(Activity)
I'd like the number of lines in the material below that include the word "Figure", written with no other text.

"""

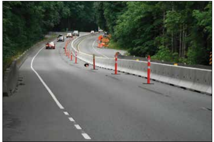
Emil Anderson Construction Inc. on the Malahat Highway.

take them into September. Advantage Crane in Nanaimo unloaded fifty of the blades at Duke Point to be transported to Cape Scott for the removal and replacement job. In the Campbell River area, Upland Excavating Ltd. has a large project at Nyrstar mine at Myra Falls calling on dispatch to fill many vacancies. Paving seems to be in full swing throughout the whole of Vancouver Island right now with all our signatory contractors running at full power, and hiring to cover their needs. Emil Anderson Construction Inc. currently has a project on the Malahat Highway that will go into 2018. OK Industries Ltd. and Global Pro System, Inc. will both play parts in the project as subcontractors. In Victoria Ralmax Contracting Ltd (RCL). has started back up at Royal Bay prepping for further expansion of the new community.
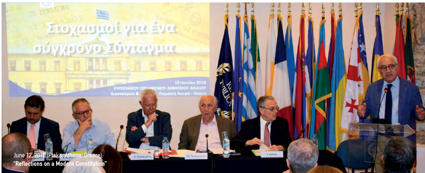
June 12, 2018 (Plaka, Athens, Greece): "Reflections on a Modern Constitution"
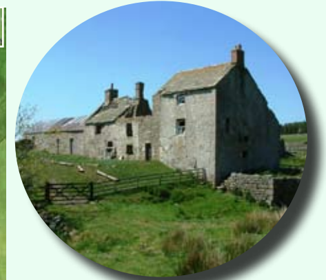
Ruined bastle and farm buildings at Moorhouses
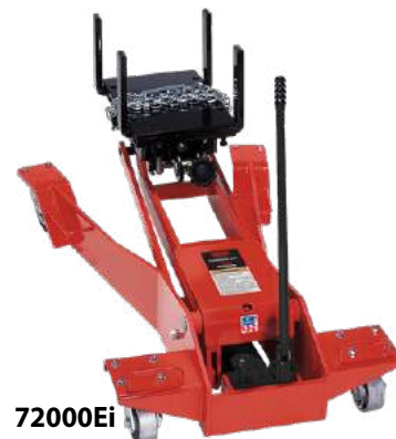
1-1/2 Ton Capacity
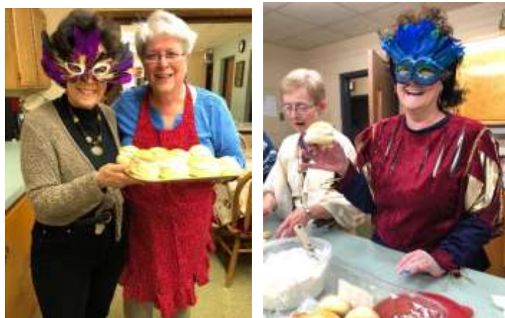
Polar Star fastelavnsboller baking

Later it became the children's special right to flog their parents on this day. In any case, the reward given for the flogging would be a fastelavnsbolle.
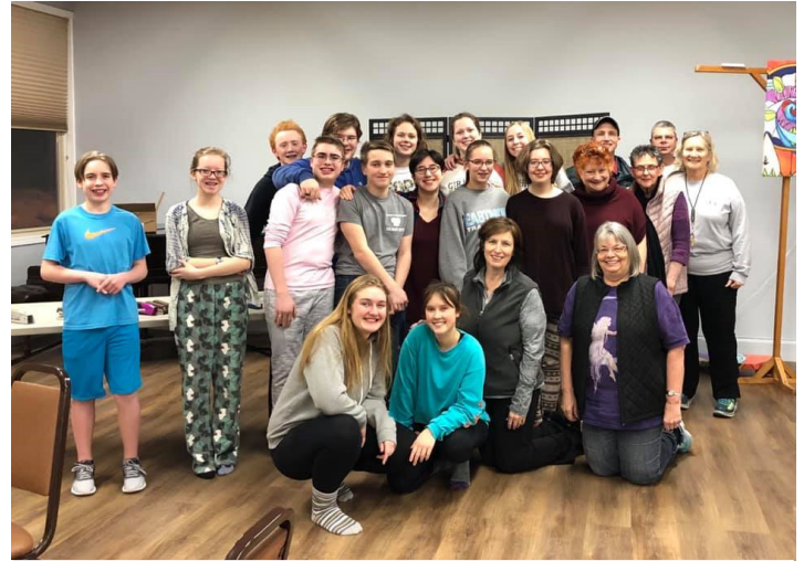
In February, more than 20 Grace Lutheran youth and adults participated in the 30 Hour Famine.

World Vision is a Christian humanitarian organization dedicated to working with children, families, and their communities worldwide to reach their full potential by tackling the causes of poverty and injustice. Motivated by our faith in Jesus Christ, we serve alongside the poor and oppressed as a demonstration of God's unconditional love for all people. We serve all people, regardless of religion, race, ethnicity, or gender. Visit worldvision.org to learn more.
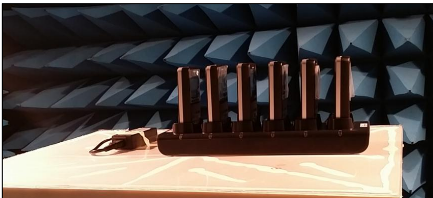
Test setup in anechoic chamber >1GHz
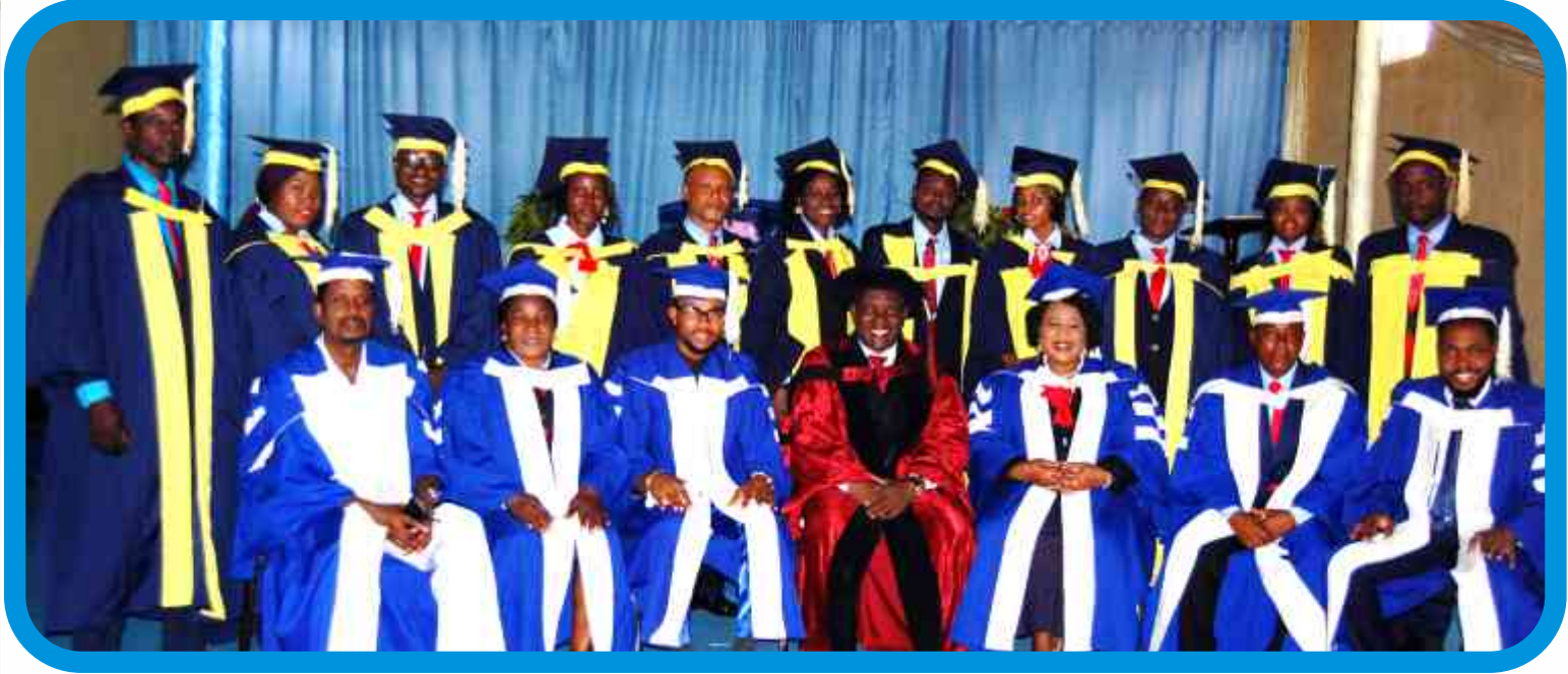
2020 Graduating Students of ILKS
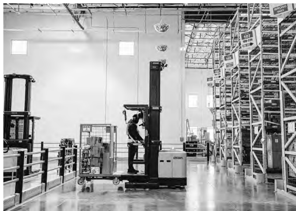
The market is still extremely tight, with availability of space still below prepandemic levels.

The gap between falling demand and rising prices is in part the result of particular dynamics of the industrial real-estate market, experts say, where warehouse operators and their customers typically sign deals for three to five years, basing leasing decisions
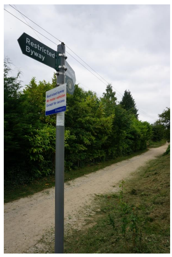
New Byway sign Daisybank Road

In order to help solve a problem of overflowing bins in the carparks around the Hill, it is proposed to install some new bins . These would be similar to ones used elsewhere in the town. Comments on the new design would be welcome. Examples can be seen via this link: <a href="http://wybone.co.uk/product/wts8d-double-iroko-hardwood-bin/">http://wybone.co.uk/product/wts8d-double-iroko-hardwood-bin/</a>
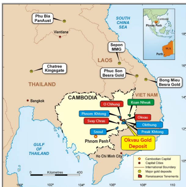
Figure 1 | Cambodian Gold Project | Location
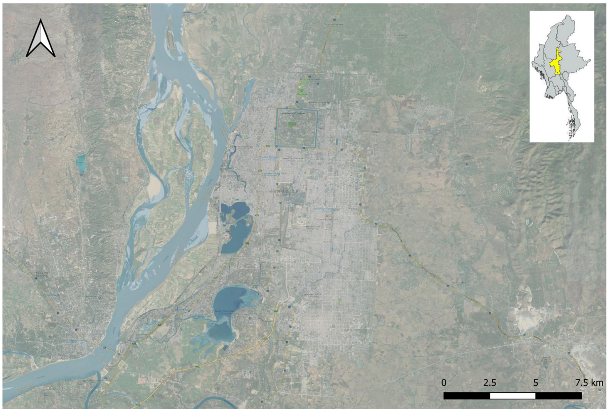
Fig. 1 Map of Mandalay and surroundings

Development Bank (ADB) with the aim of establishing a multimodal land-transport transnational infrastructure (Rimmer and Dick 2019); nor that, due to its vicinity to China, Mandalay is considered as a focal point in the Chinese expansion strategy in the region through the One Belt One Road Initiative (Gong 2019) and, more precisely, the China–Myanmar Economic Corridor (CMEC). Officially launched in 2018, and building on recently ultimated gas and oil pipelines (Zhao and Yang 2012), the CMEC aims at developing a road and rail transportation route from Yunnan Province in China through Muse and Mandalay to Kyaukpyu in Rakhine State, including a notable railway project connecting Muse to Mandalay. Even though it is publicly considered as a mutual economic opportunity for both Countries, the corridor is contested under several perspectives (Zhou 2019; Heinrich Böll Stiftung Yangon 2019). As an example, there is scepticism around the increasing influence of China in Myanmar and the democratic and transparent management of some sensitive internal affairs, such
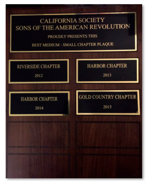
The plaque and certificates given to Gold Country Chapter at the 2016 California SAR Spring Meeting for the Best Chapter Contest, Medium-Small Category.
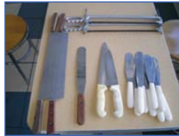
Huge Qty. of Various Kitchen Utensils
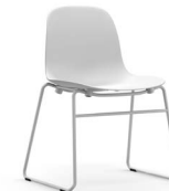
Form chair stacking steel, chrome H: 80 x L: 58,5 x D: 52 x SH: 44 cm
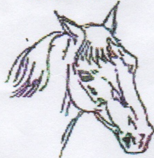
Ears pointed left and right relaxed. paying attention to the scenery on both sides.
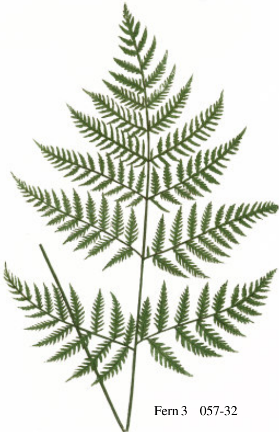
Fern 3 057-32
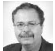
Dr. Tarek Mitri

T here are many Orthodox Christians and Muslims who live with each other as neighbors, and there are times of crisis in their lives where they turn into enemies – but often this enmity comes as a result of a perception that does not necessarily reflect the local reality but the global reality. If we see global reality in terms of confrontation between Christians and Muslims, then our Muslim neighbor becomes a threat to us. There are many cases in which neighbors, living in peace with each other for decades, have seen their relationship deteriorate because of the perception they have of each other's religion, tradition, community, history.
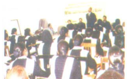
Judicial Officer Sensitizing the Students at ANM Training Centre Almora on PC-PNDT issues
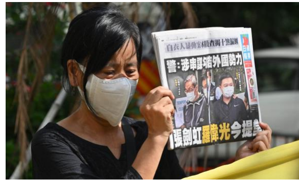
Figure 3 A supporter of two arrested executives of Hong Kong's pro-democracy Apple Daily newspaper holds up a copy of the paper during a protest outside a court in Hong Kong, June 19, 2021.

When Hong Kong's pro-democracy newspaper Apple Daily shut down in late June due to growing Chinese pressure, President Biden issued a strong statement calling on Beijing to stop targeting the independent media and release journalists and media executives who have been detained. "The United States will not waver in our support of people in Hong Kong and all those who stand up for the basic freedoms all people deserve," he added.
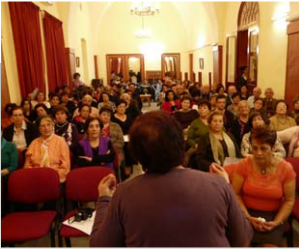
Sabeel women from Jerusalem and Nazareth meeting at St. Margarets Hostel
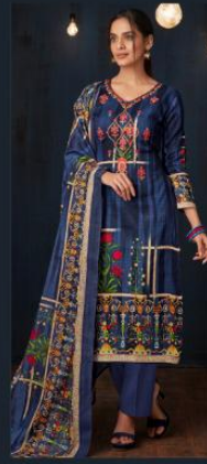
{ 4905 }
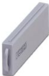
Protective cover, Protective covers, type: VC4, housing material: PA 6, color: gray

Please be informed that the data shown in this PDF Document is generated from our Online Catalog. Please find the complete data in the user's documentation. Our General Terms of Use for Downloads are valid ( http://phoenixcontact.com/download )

"""

(Result for this exercise)
2